The Five Most Searched-For Trends by Visitors to ETFdb.com Right Now
We are not racing back to $100 a barrel oil. Absent the outlier of a geopolitical event that impacts supply, more subdued rises are in order. But we certainly do not need triple-digit oil to make some nice investment returns, especially in a sector that has been so oversold.

I agree. I’m not interested in adding my own forecast to the ever-lengthening list so much as I am in finding ways to make money at current prices.

As are other investors. Based on the most searched-for trends on ETFdb.com right now, you can clearly see what’s on their minds.

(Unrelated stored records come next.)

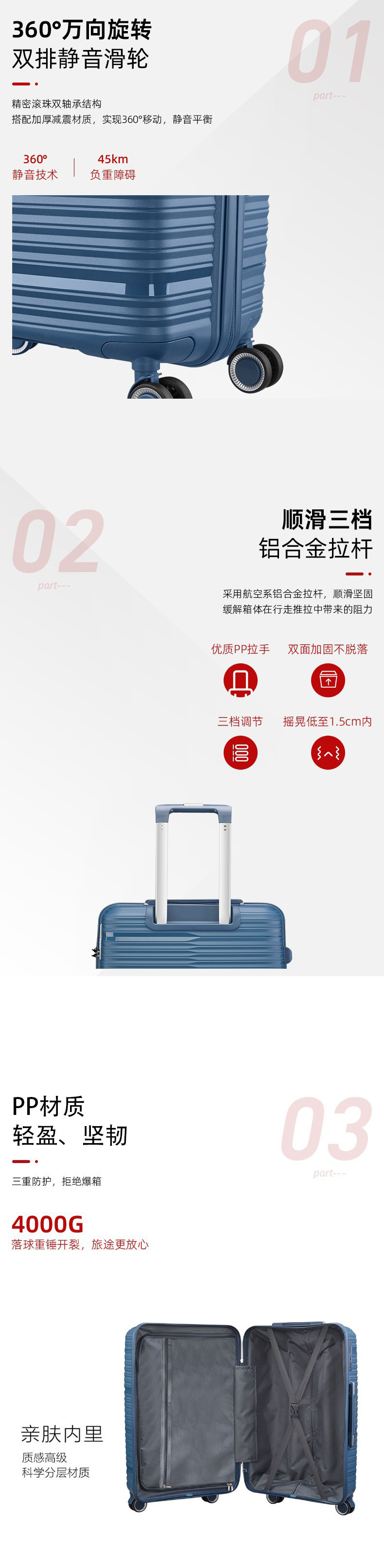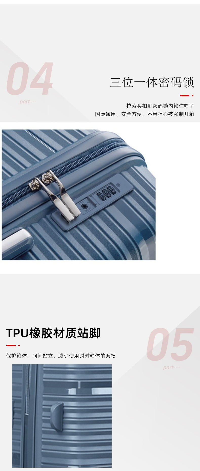 소스 공장 도매 하이 퀄리티 PP 트롤리 케이스 수하물 유니버설 휠 대외 무역 탑승 케이스 TSA 잠금 가방
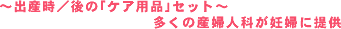 | 〜再使用せず清潔で安全〜 出産時から退院まで確実に対応 |
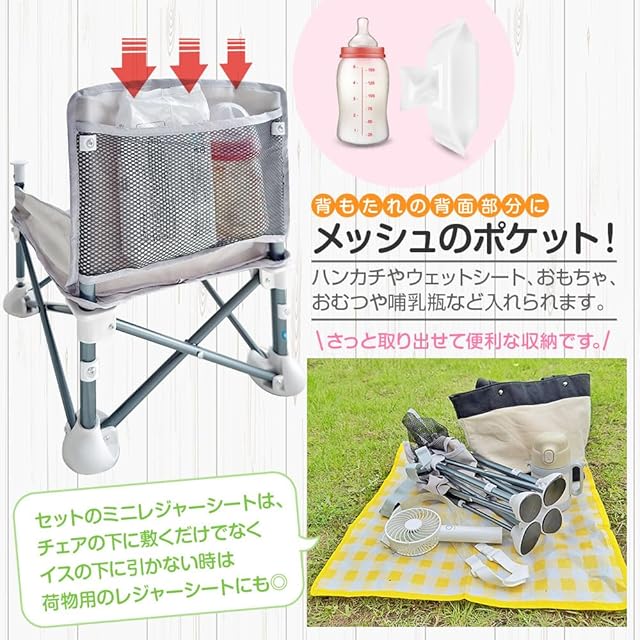 ●【ミニレジャーシートがセット】ミニレジャーシートがセットになっているので、床の食べこぼしの汚れ防止や、屋外で使用する際にも敷物としてもお使い頂けます。背面部分にあるメッシュのポケットにいつでも収納可能です。
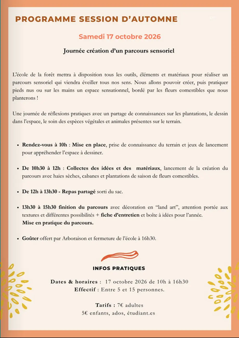 Le samedi 17 octobre 2026, Arboraison vous propose une journée immersive dédiée à la création d’un parcours sensoriel en pleine nature. Au cœur de la forêt, les participants sont invités à imaginer, concevoir et aménager un espace qui stimule les sens, en utilisant des matériaux naturels et des éléments du terrain.
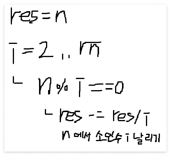 이런 로직인데, 2부터 sqrt(n)까지 n에 대한 인수인지 판별해서 인수라면, 그 인수로 만들 수 있는 모든 케이스를 res에서 빼준다(GCD가 1이 아니라는 의미이므로). 그리고 추후 중복된 인수 계산을 막기 위해 i를 소인수 취급해서 n에서 모두 날려버린다. n%i==0이라면, 계속해서 n /= i를 해서 n에 존재하던 i를 전부 없애는 방법으로 구현했다. 2부터 순차적으로 계산하고 있는 상황이므로, 결과적으로 소인수 분해했을 때 소인수 i에 대한 항을 나눠 없앤 꼴이 된다.
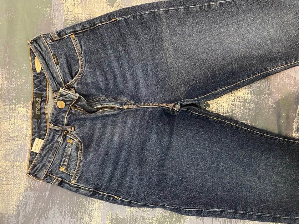 mavi denim kumaştan, tokalı, normal midi boyda, kadınlara özel dar kesim kot pantolon. Günlük rahat kullanım için uygundur. 27/29 beden mavi kot
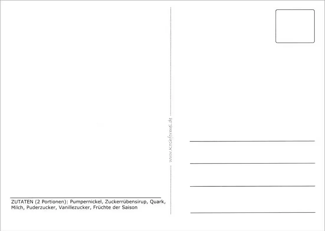 - Zutaten für 2 Portionen: Pumpernickel, Zuckerrübensirup, Quark, Milch, Puderzucker, Vanillezucker, Früchte der Saison
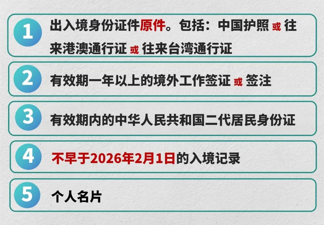 ◉持有签证类型必须是工作签证;
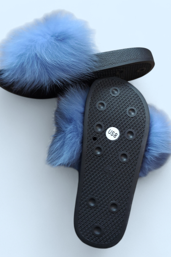 Claquettes en véritable fourrure de lapin – Bleu ciel
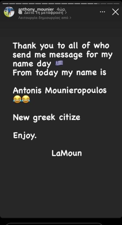 “Σας ευχαριστώ όλους για τα μηνύματα και τις ευχές. Από σήμερα το όνομά μου είναι Αντώνης Μουνιερόπουλος. Νέος Έλληνας πολίτης”
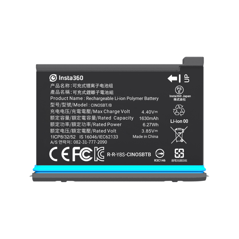 Аккумулятор Insta360 One X2 изготавливается с надежным корпусом из прочного пластикового полимера. Окрашен в матовый черный цвет. Среднее время полной зарядки составляет 90 минут. Предусмотрен эластичный резиновый уплотнитель, защищающий от попадания влаги. Встроены две застежки для надежной фиксации в корпусе видеокамеры. Подходит для портативных устройств серии ONE X2.
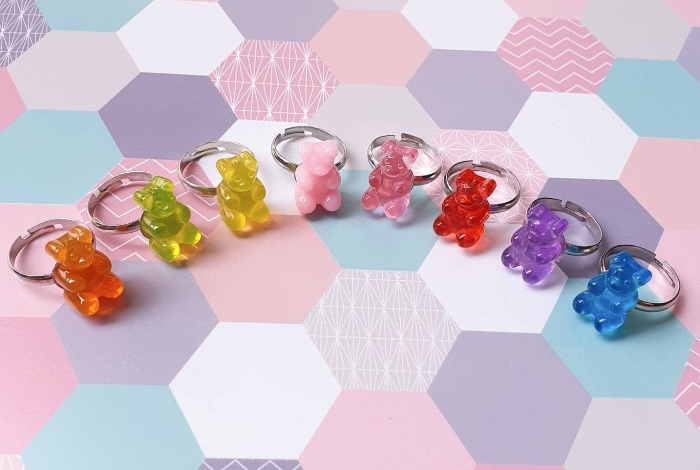 Admit it, when you have a bag of gummy bears, you’re guilty of rummaging around looking for your favourite colour of yummy. You’ve got a whole selection of colours here – pick your favourite or wear as many as you want!
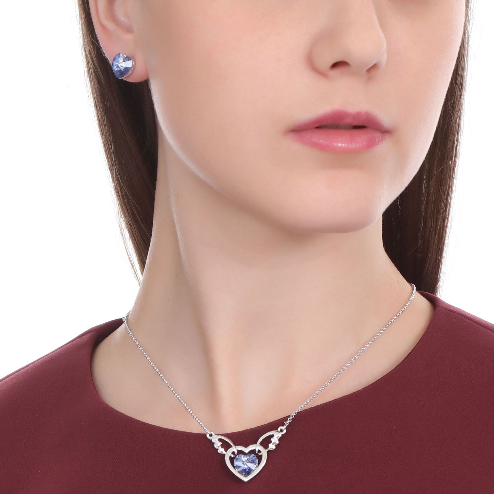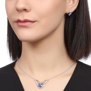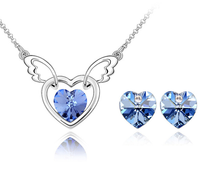 Elegante juego de aretes y dije con cadena diseño en baño de oro blanco de 18 quilates, diseño de corazón con alas y cristales en color azul. Fabricado en una estructura de aleación de platino con rodio sin níquel.
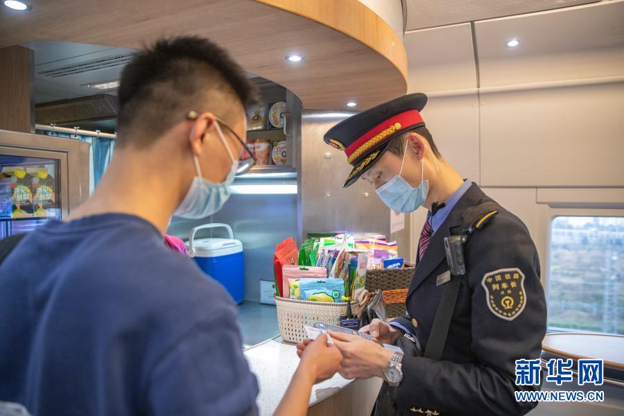 2月9日,在重慶北開(kāi)往萬(wàn)州北的C6422次列車(chē)上,付寶印為一名旅客辦理補(bǔ)票業(yè)務(wù)。新華社記者 黃偉 攝

OPEC Members Revolt against Saudis as Oil Slips

One of the main reasons why prices are so depressed, of course, is that the world is awash in the stuff. The Organization of Petroleum Exporting Countries (OPEC), responsible for about 40 percent of global supply, just had its most productive month since 2012, pumping 31.7 million barrels in November. That’s 1.7 million barrels over its “official” production ceiling.

Crude slipped below $37 per barrel on the news, a seven-year low, which is about as low as prices can go for most American companies to stay profitable. (As of this writing, WTI crude sits at $35.20, Brent at $36.83.)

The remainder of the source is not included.